Bolsonaro revoga LSN, mas blinda militares e “legaliza” fake news
Criada no fim da ditadura, Lei de Segurança Nacional ajudou a evitar a punição de torturadores e a perseguir opositores
Publicado 02/09/2021 17:17 | Editado 02/09/2021 17:44
Saudoso do regime militar (1964-1985), Jair Bolsonaro prometeu às Forças Armadas que seu governo manteria em vigência a nefasta Lei de Segurança Nacional (LSN). Mas a crescente fragilidade política do presidente falou mais alto. Na manhã desta quinta-feira (2), acuado, ele sancionou a Lei de Defesa do Estado Democrático de Direito – o projeto aprovado no Congresso que revoga a LSN, numa derrota para seu projeto autoritário.
Em contrapartida, o presidente vetou cinco trechos do projeto, de modo a acenar para suas bases. Um desses vetos impede o aumento da pena para militares ou agentes públicos que cometerem crimes contra o Estado Democrático de Direito. Eles estariam sujeitos a perda do posto, da patente ou da graduação. Também foi vetada a criminalização da prática, durante as eleições, de fake news – os disparos em massa de desinformação e mentiras. O projeto previa até cinco anos de prisão para quem promovesse fake news nas redes sociais.
Criada em 1983, no fim da ditadura, a LSN ajudou a evitar a punição de torturadores e a perseguir opositores. O prazo para que Bolsonaro definisse se sancionava ou vetava o texto terminava nesta quarta-feira (1). Vencida a batalha maior contra a LSN, a diretriz da oposição e das forças democráticas, agora, é derrubar os vetos – o que exige maioria na Câmara e no Senado, num prazo de 30 dias.
“Bolsonaro vetou a parte que criminaliza as fake news sobre o processo eleitoral. Esse presidente trabalha em causa própria”, disse a deputada Alice Portugal (PCdoB-BA). “Vamos à luta para derrubar este veto.”
Aprovada no Senado no dia 10 de agosto – no mesmo dia em que houve desfile militar na Esplanada do Ministérios –, o projeto que extingue a LSN define o que são crimes contra a democracia. É o caso de práticas como promover golpe de Estado, impedir ou perturbar a realização das eleições, incitar crime às Forças Armadas, lançar comunicação enganosa em massa, atentar contra a soberania e fazer espionagem.

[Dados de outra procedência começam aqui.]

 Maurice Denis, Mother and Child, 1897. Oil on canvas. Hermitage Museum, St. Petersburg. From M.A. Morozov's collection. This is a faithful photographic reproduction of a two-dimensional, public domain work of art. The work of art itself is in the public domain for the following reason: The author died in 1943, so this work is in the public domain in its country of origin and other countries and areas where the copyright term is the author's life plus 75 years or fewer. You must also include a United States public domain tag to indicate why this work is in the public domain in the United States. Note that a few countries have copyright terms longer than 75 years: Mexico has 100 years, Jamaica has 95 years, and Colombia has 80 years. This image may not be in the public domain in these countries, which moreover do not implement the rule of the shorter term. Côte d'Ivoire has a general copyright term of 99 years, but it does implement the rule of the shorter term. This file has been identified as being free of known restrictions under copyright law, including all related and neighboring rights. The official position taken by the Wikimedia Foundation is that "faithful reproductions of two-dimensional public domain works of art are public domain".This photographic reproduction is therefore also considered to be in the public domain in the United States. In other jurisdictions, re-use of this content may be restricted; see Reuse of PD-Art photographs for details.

Ao tentar justificar sua decisão, Bolsonaro – que é investigado pelo Supremo Tribunal Federal (STF) no inquérito das fake news – disse que o dispositivo poderia “afastar o eleitor do debate político”, “inibir o debate de ideias” e “limitar a concorrência de opiniões”. Sobre o inciso que aumentava a pena para militares envolvidos em crimes contra o Estado de Direito, Bolsonaro, sem dar mais explicações, alegou que a medida violaria “o princípio da proporcionalidade”.
Algumas regras da extinta Lei de Segurança Nacional foram incorporadas ao Código Penal (Decreto Lei nº 2.848, de 1940) em um título que trata dos crimes contra o Estado Democrático de Direito. Os capítulos punem violações à soberania nacional, às instituições democráticas, ao processo eleitoral, aos serviços essenciais e à cidadania.
A nova lei tipifica o crime de tentativa de abolição do Estado Democrático de Direito, “impedindo ou restringindo o exercício dos Poderes constitucionais”. Nesse caso, a pena é de prisão de 4 a 8 anos, além da pena correspondente à violência empregada. Já o crime de golpe de Estado propriamente dito – “tentar depor, por meio de violência ou grave ameaça, o governo legitimamente constituído” – gera prisão de 4 a 12 anos, além da pena correspondente à violência.
A nova lei é resultado do projeto de lei (PL) 2.108/2021, que tramitou por 30 anos no Congresso. O texto foi aprovado por deputados em maio e pelos senadores em agosto deste ano. Durante a discussão da matéria no Senado, o relator, Rogério Carvalho (PT-SE), sublinhou que a Lei de Segurança Nacional foi usada pelo atual governo para punir opositores de Bolsonaro.
Levantamento do jornal O Globo mostrou que mais da metade dos inquéritos policiais instaurados com dispositivos da LSN, entre 2010 e 2021, ocorreram no governo Bolsonaro, justamente contra adversários. O número de inquéritos com base na lei aumentou a partir de 2019 e chegou a 51 em 2020.
A revogação da LSN foi defendida no Congresso por ser associada ao período autoritário. Em seu discurso durante a votação, o líder do MDB no Senado, Eduardo Braga (AM), disse que era hora de o Brasil “sepultar” a lei que era um “resquício da ditadura e que não condiz mais com a nossa Constituição”.